I'm a firm believer in the concept of applying a sound risk policy towards personal financial management. Recently i've found myself trying to explain the risks associated with over exposure to market varialbles particularly to people involved in house market speculation (amateurs) only to be faced with blank faces and being branded a pessimist. 

It seems to me that Irish soceity in general, and particularly the under 30s, have no idea of how an economic slump may effect them and are simply amassing huge amounts of credit so as to keep up with the good times. I was listening to FM104s Adrian Kennedy show (a bit sad but sometimes its entertaining) and he was discussing personal debt and you would not believe the amount of people between 18-25 that had run up debts exceeding 20k with nothing to show for it. One lad had even considered declaring bankruptcy at 18!!!!

I think if there going to start introducing road safety lessons in school that might want to consider throwing in a few risk management classes too!!!!


----------



## baby_tooth (17 Nov 2006)

the lack of appreciation of risk displayed by some ppl can be quite frightening...be it with regard to property or stocks or specualtion.
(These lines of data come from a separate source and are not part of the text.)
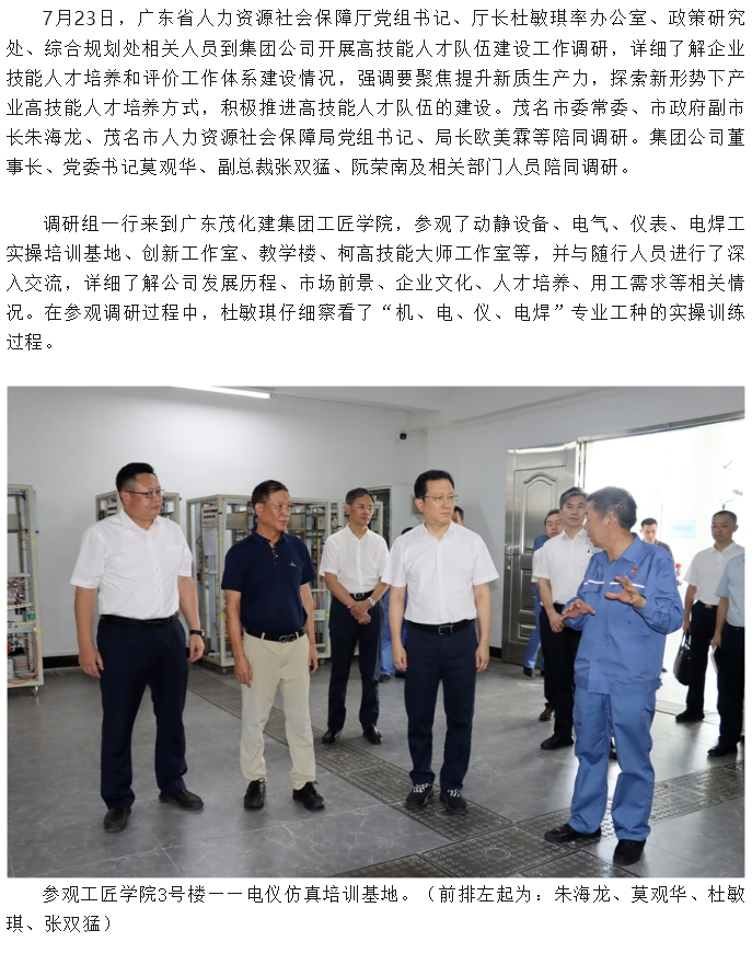 廣東省人社廳到集團公司調(diào)研高技能人才隊伍建設(shè)工作
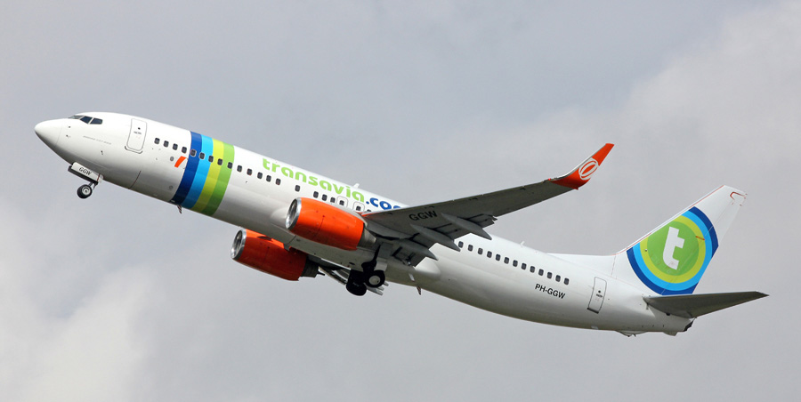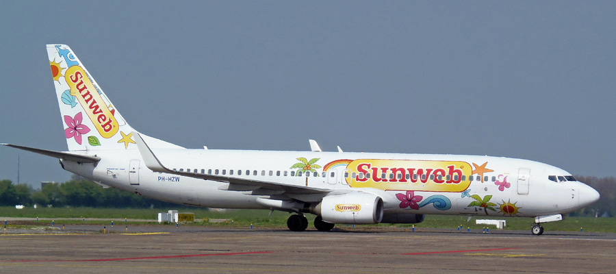 De reclame voor SUNWEB op de Transavia Boeing 737-8K2 PH-HZW ziet
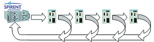 圖2:275字節Modbus TCP響應測試結果 測試設置 測試采用多台有管理和無管理的工業以太網交換機進行。所用的數據包生成器為Spirent Smartbits 200,如圖3所示。 Modbus請求和Modbus響應數據包在SmartBits 200的輸出接口發出後分別經過數量遞增的交換機傳遞,之後再由SmartBits 200的輸入接口接收,以測量往返時間。每個數據包在各幀之間都有標稱96比特的包間時隙(IPG),以模擬實際的數據流。所耗費時間以SmartBits 200上的單係統時鍾基準測量。由於專門用於試驗的SmartBits采用專業化ASIC來生成流量,其數據流會保持恒定,不存在軟件型數據包發生器中的操作係統波動的影響。
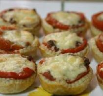 ضعيها في قوالب المافن وضعي عليها البندورة المحمرة
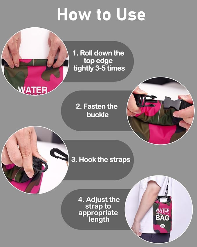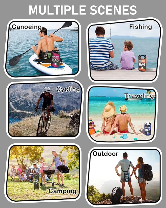 • Great Matching for Versatile Use: The 2L roll top backpack sack is very useful for water activities, including swimming, kayaking, beach trips, rafting, boating, hiking, camping, and fishing. Perfect for both wet and dry storage needs.

But, there is also alot of money professionals who also have very bad concepts of risk, be it systematic or market risk. And all the risk measures in the world are only as good as the ppl interupting them. I mean, how many of the large, sophisticated big bulge banks have been hit by traders/portfolio managers gaming the var and such.

I think w2w described risk measures accuratlery, as being a consistent and concise method of measuring the payoff of projects of the same risk profile, be that profile betas or sharpe ratios or variance or so on...


----------



## ajapale (17 Nov 2006)

The seminar relates to consumers of financial services, investment and pension products. I looks like it will be very interesting. Im very interested in the session entitled _Communicating risk: Judges, Juries and Journalists.
_


> Do consumers of financial services, investment and pension products understand the risks in the products that they are buying?
> 
> Experience suggests that there is often a mismatch between consumers’ underlying attitudes to risks and the financial decisions that they make in practice. In a world in which government and employers increasingly expect individuals to take command of their own pension and investment decisions, it is important to explore this issue and to identify ways to help consumers optimise their decision-making.
> 
> ...


----------



## Dreamerb (17 Nov 2006)

In my experience, people just plain don't understand risk at all. I've been involved in environmental pollution risk assessments, where things have been classified as "very low risk" but what people jump on is that there is a risk involved; then you get the scare-mongering articles "risk of [X] at [Y]"... and then you have the demands to prove that the very low risk event won't ever happen no matter what, because people have a severely skewed perception of the implication of risk. And you get demands for horrendously expensive ways of mitigating risks which are very very remote anyway.

Conversely, people seem not to understand or deal with the concept of financial risk - if the word was better highlighted in relation to large financial transactions, people might manage their own exposure better, especially in relation to share dealings and property transactions. "WARNING: there is a real RISK that the value of your investment may go DOWN as well as UP. Take independent financial and legal advice in relation to the RISK you are taking" might be a suitable sort of public health warning in relation to large transactions. [Alternatively "Investing in the dark may make you very poor"]

I can't get over the number of people who make five and six figure commitments ("because it's a sure thing") without either doing their own research or spending a few hundred euro on good advice - and why don't they get the advice? Because they can't afford it. I ask you...


----------



## PMU (17 Nov 2006)

Dreamerb said:


> In my experience, people just plain don't understand risk at all.


A good book on understanding risk, while it does not deal with financial risk, is 'Reckoning with Risk' by Gerd Gigerenzer.
http://www.amazon.co.uk/Reckoning-R...ef=sr_1_1/203-7167060-0381552?ie=UTF8&s=books


----------



## whathome (9 Dec 2006)

RedJoker said:


> Counter example: hedge funds are low risk and beat the market.


 
*Goldman Sachs Flagship Hedge Fund Falls 11.6 Percent*

http://www.bloomberg.com/apps/news?pid=20601087&sid=a8NuCSlNzl00&refer=home



> Goldman's Global Alpha Fund lost money partly on wrong-way bets that equities in Japan would rise, stocks in the rest of Asia and the U.S. would fall and the dollar would strengthen
> 
> Goldman's Global Alpha Fund Plc, which is registered in Ireland, charges it a management fee of 1.5 percent of assets and keeps 20 percent of investment gains.


----------